Does your child say they are a burden, or a failure? Do they worry excessively about the future, or have extreme mood changes? Again, with teens this could be due to hormone changes, but certainly anger and emotional disregulation are often signs of distress.

With all of this you are looking for changes to normal patterns that stick around – and not just one symptom. Having said that, if there is only one symptom that is very severe and has a significant negative impact on their life then take action! Also, check with others that know your child to see if they have noticed change. The question now is what to do if there is an issue.

Seek professional help

It’s always helpful but maybe not always possible to get a professional assessment alongside your own. Generally, with any concerns about your kids involve school, GP and other services that are available. Take advice and follow their suggestions, but this may take time if your child is not an ‘emergency’ to them. If you have the resources, seek an assessment privately. But whilst that is all in motion you can also do a lot yourselves.

Have an open discussion

Sit down with your child to discuss their worries or concerns to encourage help seeking. Let your kids know it’s ok to be vulnerable by modelling this to them, and make sure they know they don’t have to come to yourselves, but can choose a teacher, relative, friend’s parent or anyone else they feel comfortable talking to.

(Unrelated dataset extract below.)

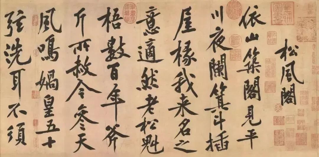 赵孟頫喜喝酒,写下不少精彩篇章。比如,赵孟頫《太湖石赞》是与好友相聚时,一时酒酣的乘兴之作。纸质莹润光滑,信手写来,“神融笔畅”,滂沛悦然。作为酒后佳作,在风格上多得颜真卿、米芾二家笔意,这在赵氏的书作中,甚至在整个唐宋后书法史上,都是极少见的。款署:“湖州观堂与受益外郎饮酒一杯之余,便觉醉意横生。戏书此卷,为他日一笑之资。孟頫。”

Promote health and wellbeing

Stress is central to all psychological distress, so encourage them to learn relaxation techniques. Promote a healthy diet, focussing on regularity and social eating such as family meals. Social connection is another tool, such as groups and inviting their friends around. Then there’s exercise – especially outside. This may be a challenge with teens, but being creative can help. Organise walks and park activities, and be clear about modelling an active lifestyle to your kids yourself.

Remember: much of wellbeing in mental health is the same as wellbeing in physical health, so start there and it should hopefully improve outcomes significantly for yourself and your children.